PROBLEM TO SOLVE: What you copy should be the lines from the one with "52% of definite" through the end of the entries, word for word. Omit the pictures.

DATA TO USE:
☆ ☆ ☆ ☆ ☆
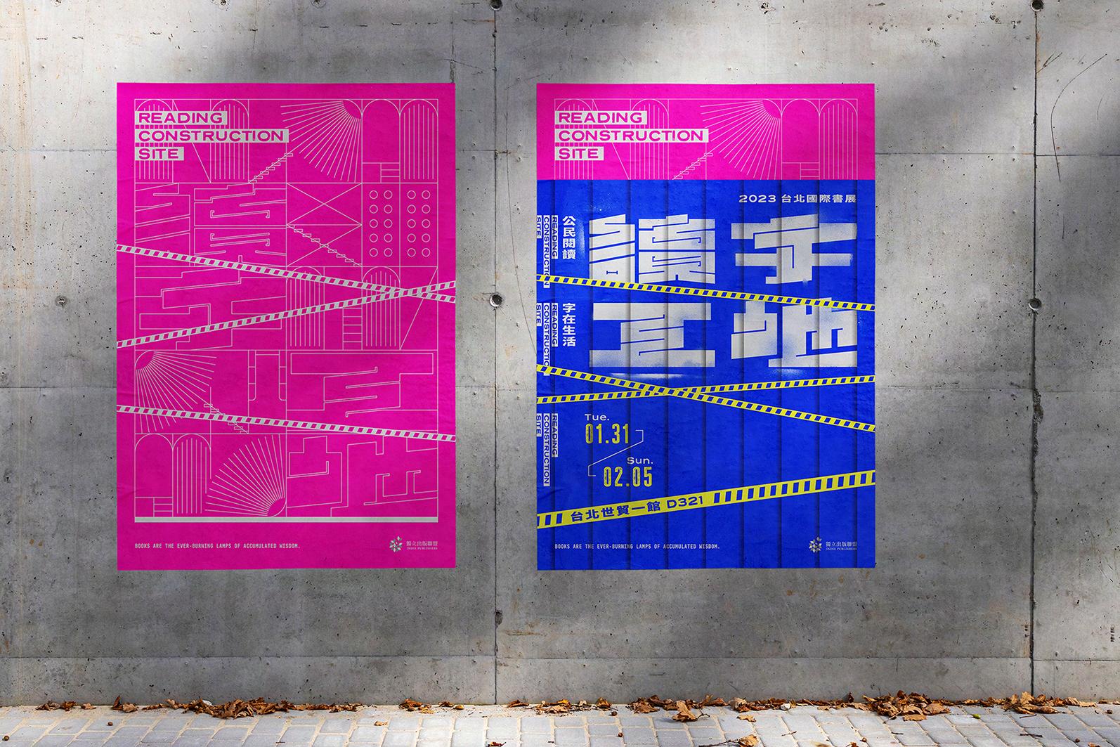 視覺發想源自於施工場地外圍的鐵皮圍牆,圍牆讓工地充滿了未知與神秘感,在一切建造 起來以前,外人無法得知未來這棟建物的模樣。以此概念呼應閱讀的魅力,圍牆是書本封 面、鷹架是文字。在閱讀的過程中,我們也是藉由一字一字的堆砌,完成腦中那棟名為 「思想」的建築。
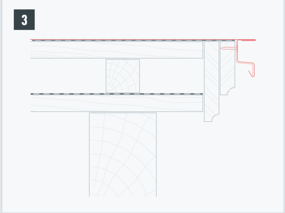 Au niveau de chaque relevé des bardeaux du côté gauche (bande de rive et abergement), il faut couper la pince latérale vers le bas afin d’éviter un effet de capillarité.
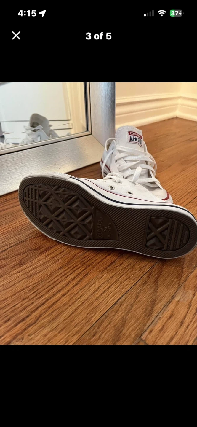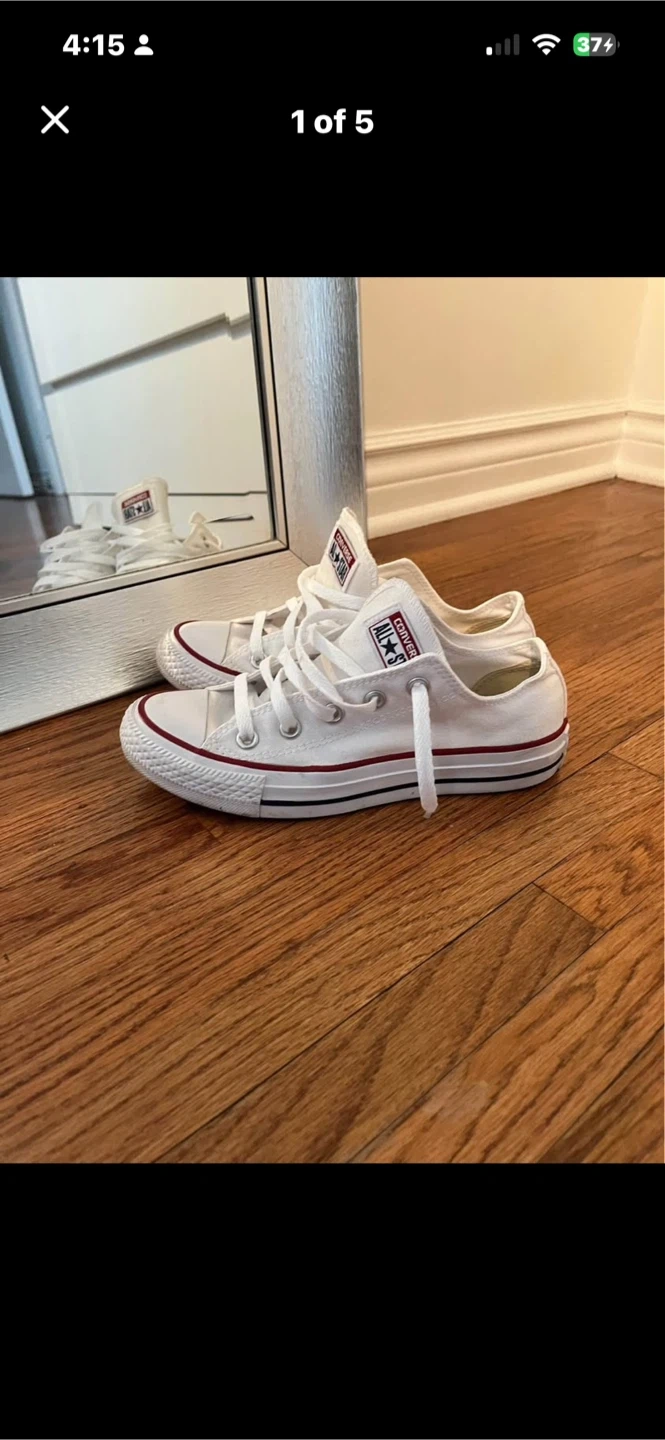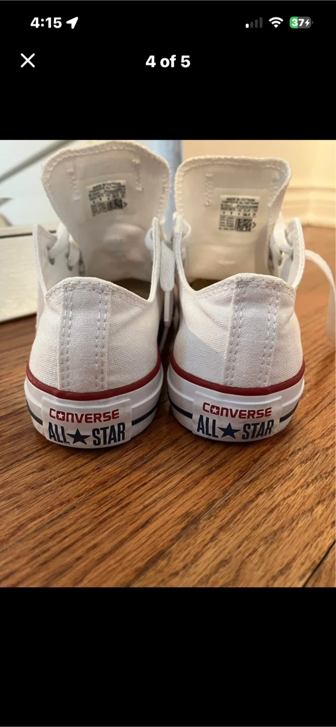 Classic white Converse All Star low top sneakers. Canvas upper and rubber sole. Perfect for everyday wear!
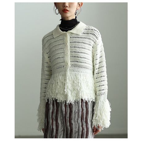 メッシュ素材にフリンジを効かせた、存在感のあるカーディガン。裾のフリンジが動くたびに表情をプラスし、羽織るだけで今っぽい雰囲気に。トレンド感をさりげなく取り入れられる一枚です!
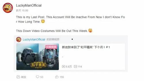 最近和平精英圈子里可是炸开了锅,大家都被一个神秘人物Luckyman的爆料给吸引了。这位Luckyman,据说可是和平精英界的“大V”,他的每一次发言都能掀起一阵热议。这不,他最近又爆出了什么大瓜,咱们一起来聊聊吧!
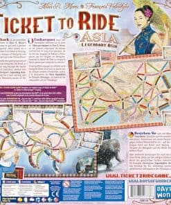Introduciendo la Colección de Mapas de Ticket to Ride – una nueva serie de expansiones de Ticket to Ride que presenta 2 mapas diferentes de Ticket to Ride en un tablero de doble cara. Ticket to Ride Asia es el primer volumen de la Colección de Mapas. Te embarcarás en una increíble aventura en el mapa del Equipo Asia de Alan R. Moon. Específicamente diseñado para hasta 6 jugadores, tú y un compañero se unirán contra otros grupos en un salvaje recorrido de 25,000 km desde Kabul hasta Beijing, pasando por las estepas de Mongolia y el desierto de Gobi hasta el río Amarillo. O, si prefieres los placeres tranquilos de viajar solo por la Ruta de la Seda o trazar tu camino a través del ajetreo y bullicio de Indochina, aventúrate en Legendary Asia. Prepárate para un emocionante viaje por los pasos de montaña del Himalaya.
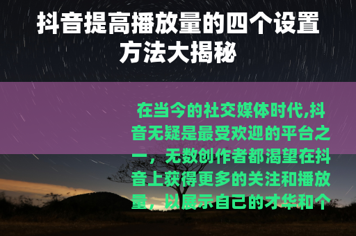 通过以上四个方面的设置,你可以在抖音上更好地展示自己的视频内容,吸引更多的用户关注和观看,从而实现播放量的稳步提升,只要你坚持不懈地优化和改进这些设置,相信你在抖音上一定能取得更好的成绩,让自己的创作之路越走越宽广。
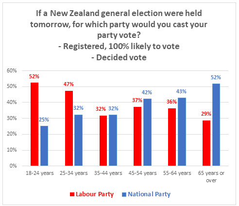 52% of definite voters aged 18-24 support, Labour, 25% National.
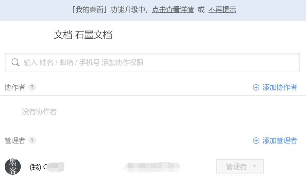 比较值得一提的是,石墨文档的分享、协作权限做了细分。在石墨文档当中,分享和协作被分开,共享文档的链接只能开启只读文档,如果需要他人协作,要通过邮件、手机等渠道邀请协作者。与此同时,协作部份也细分出了管理者和协作者,这有助于将文档协同关系的梳理。
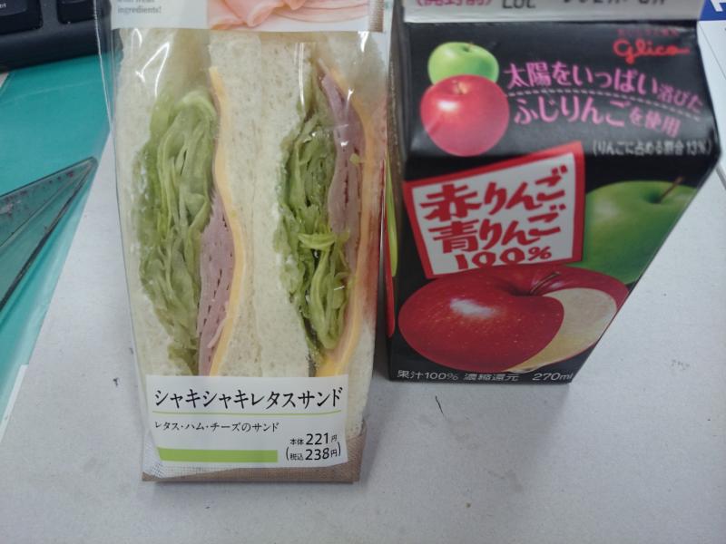 朝はサンドイッチとリンゴジュース。\r\nそれにヨーグルト。(^^)v
☆ ☆ ☆ ☆ ☆
TASK OUTPUT:
 52% of definite voters aged 18-24 support, Labour, 25% National.
 比较值得一提的是,石墨文档的分享、协作权限做了细分。在石墨文档当中,分享和协作被分开,共享文档的链接只能开启只读文档,如果需要他人协作,要通过邮件、手机等渠道邀请协作者。与此同时,协作部份也细分出了管理者和协作者,这有助于将文档协同关系的梳理。
 朝はサンドイッチとリンゴジュース。\r\nそれにヨーグルト。(^^)v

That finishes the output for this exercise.